I”m going to the Midnight Flame Festival, a regional ADF festival put on in September by the Grove of the Midnight Sun.  It will be my first big pagan gathering.  I’m driving up to Michigan with some local ADF members.  I am very excited.  The pantheon being honored is the Norse pantheon, so I’m hoping it will bring me closer to Loki.  Hekate has been very patient with my multiple interests.  I do feel that she led me to the Netjeru.  However, I still feel obligated to learn more about neo-druidry while I am a member of ADF and possibly see how it could fit in with Kemeticism.

New Beginnings

I’m going to try to catch up and keep up with The Cauldron Blog Project.  The Cauldron is a pagan forum that I go to learn about others’ paths.  January’s topic was Resolutions, Habits, New Beginnings, so I’ll start there.  I’m new to practicing polytheism.  I was finally able to accept that hard polytheism is my world view in the middle of 2013.  I spent most of my life as a practicing Roman Catholic.  I did a lot of searching over the years, but it was still hard to admit to myself that I was a polytheist.  Once I did, more research began.

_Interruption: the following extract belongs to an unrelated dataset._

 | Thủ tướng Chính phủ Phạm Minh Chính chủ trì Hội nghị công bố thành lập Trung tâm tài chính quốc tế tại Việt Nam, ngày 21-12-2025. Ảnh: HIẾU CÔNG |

I started off practicing Hellenismos, and then I got interested in Kemeticism.  It is definitely possible to honor both of these religions, but I just don’t have the spoons to do it right now.  The Gods or my tarot cards or my subconscious brain, however you want to call it, kept insisting that I cut back and drop the labels.  I was stressing myself out trying to do everything perfectly and failing in every way.  So now eclectic is the closest thing I have to a label, and I don’t really like it.  It has some bad connotations in my mind.  I’m mad that I see it as less respectable, and I’m mad that some other people would agree.

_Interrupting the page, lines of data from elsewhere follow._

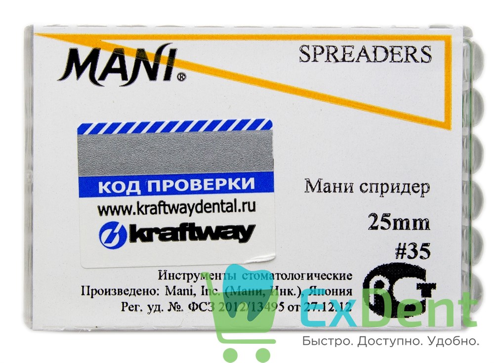 Spreaders (Спредер) №35, 25 мм, Mani, для латеральной конденсации гуттаперчи, ручные (6 шт)
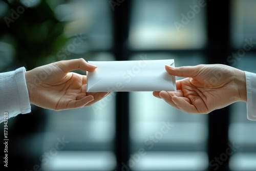 Business Reward Handover Asian Manager Giving Bonus Envelope to Employee in Modern Office
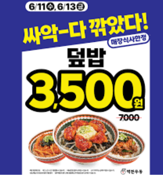 - 역전우동: 6월 11일·13일 덮밥 5종 3,500원(반값), 18일·20일 돈가스 4종 4,000~4,500원(50~52.9% 할인)
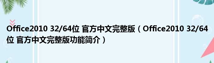 Office2010 32/64位 官方中文完整版(Office2010 32/64位 官方中文完整版功能简介)
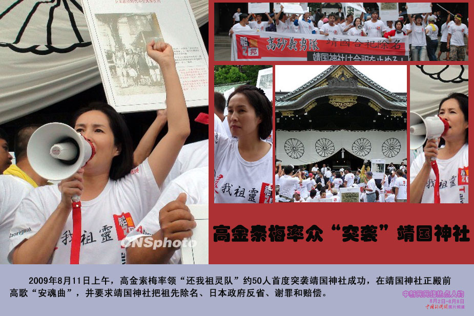 中新網(wǎng)本周熱點(diǎn)人物之高金素梅——高金素梅一行于上午9時(shí)30分左右搭車出其不意地抵達(dá)靖國神社,隨即高舉“要求靖國還我祖靈”等大型橫布條標(biāo)語,浩浩蕩蕩地列隊(duì)走向靖國神社的正殿,并高喊口號(hào)。靖國神社的警衛(wèi)人員前往阻擋,企圖奪走標(biāo)語布條,雙方發(fā)生肢體沖突。

I want a practice that is recon-influenced.  I’ve looked into Hellenic, Kemetic, and Heathen practices.  I don’t know if I want to follow all of these paths, but I want to be able to honor the Gods that I follow in a way that They feel respected.  I want to snap my fingers and have everything laid out, but building something takes time.  That is how I have to approach it, as a building project.  I have to get the base done before I can put windows in the top floor.  Laying the plumbing pipes comes before putting up wall hangings.  Finding a place to start and figuring out what comes first is confusing, but life takes work.

I am trying to slowly build a life with Deity.  I started nightly devotionals on January 1st.  I would like to add in some daytime devotions throughout the week, but finding the energy can be hard.  As long as I can take at least one step in my religious practice, it is a successful day.  I just have to remember that.  My nightly devotionals are one of those steps.  Although I find it frustrating, I would like to add  some meditation to my week.  I would like to add some daily rituals to give thanks to Gods that I don’t honor nightly.  I am slowly trying to find workable ways to add these things to my schedule.  I am reading blogs, books, and message boards to see how other people do things.  I don’t want to start down one road because it is the only one I see.

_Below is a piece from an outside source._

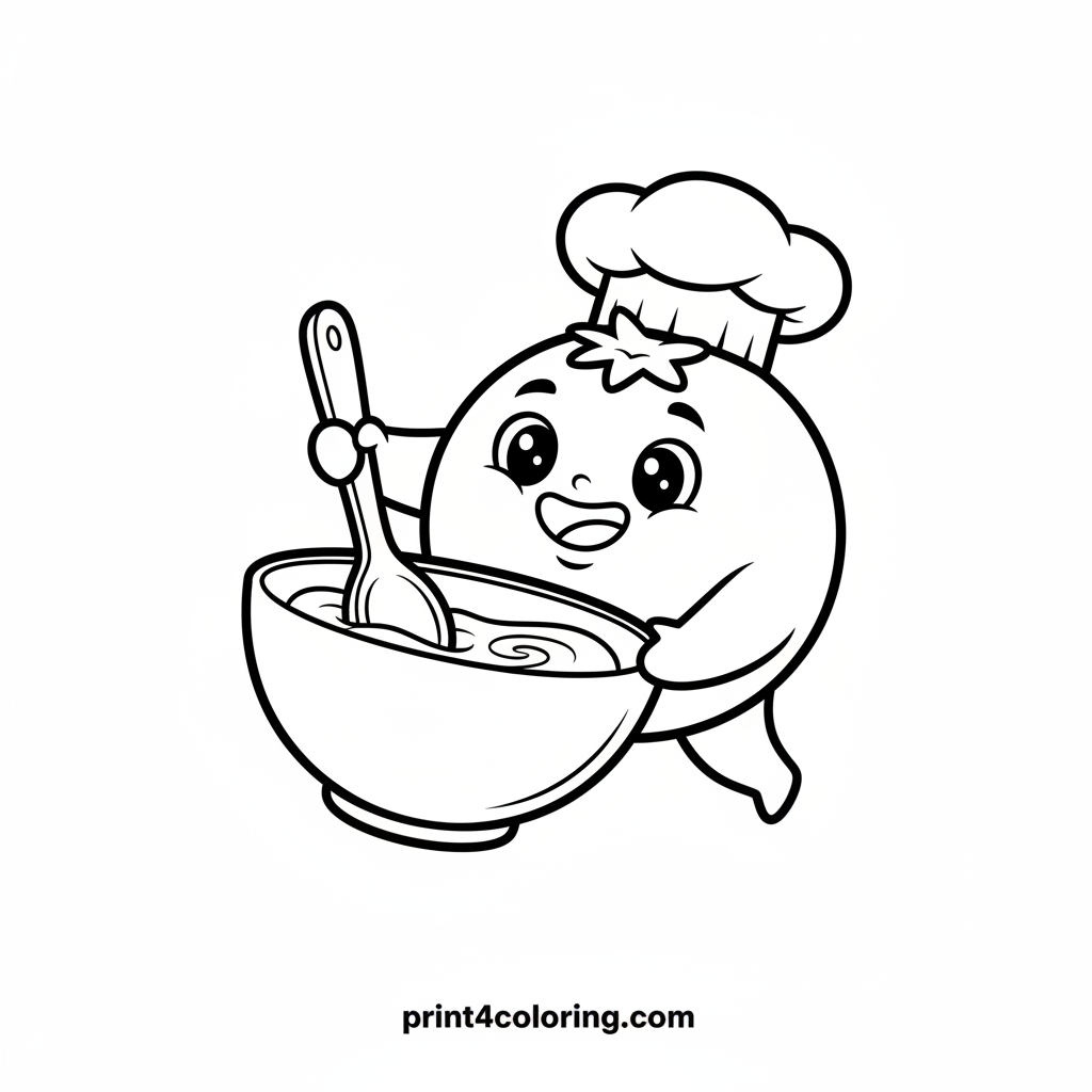 Join Chef Blueberry in the kitchen as he happily stirs up a delicious sweet treat! With his chef's hat perched just right, he's mixing a big bowl of batter, ready to bake something wonderful. This cheerful scene is perfect for little chefs to color with all their favorite vibrant colors and imagine the yummy smells.

I joined the Neo-druid organization ADF to get a Neo-pagan view point and to meet people.  Their dedicant path is a little overwhelming, but I think it would be good for me to do at least a portion of it.  I may be posting some of it on this site as I work through it.  I was able to meet a few people and to attend my first pagan celebrations with the local proto-grove for Samhain 2013 and Imbolc 2014.  I don’t know if druidry will stay a part of my path, but that is why I am trying it.  Meeting people has given me some insights.  I am trying to absorb as much information as I can.  Sometimes, though, I have to take a step back.  Taking on too much too quickly is one of my faults.  Absorb and pray.  Read and practice.  Little steps add hope.  I don’t know where they’re taking me, but I hope they’re leading somewhere.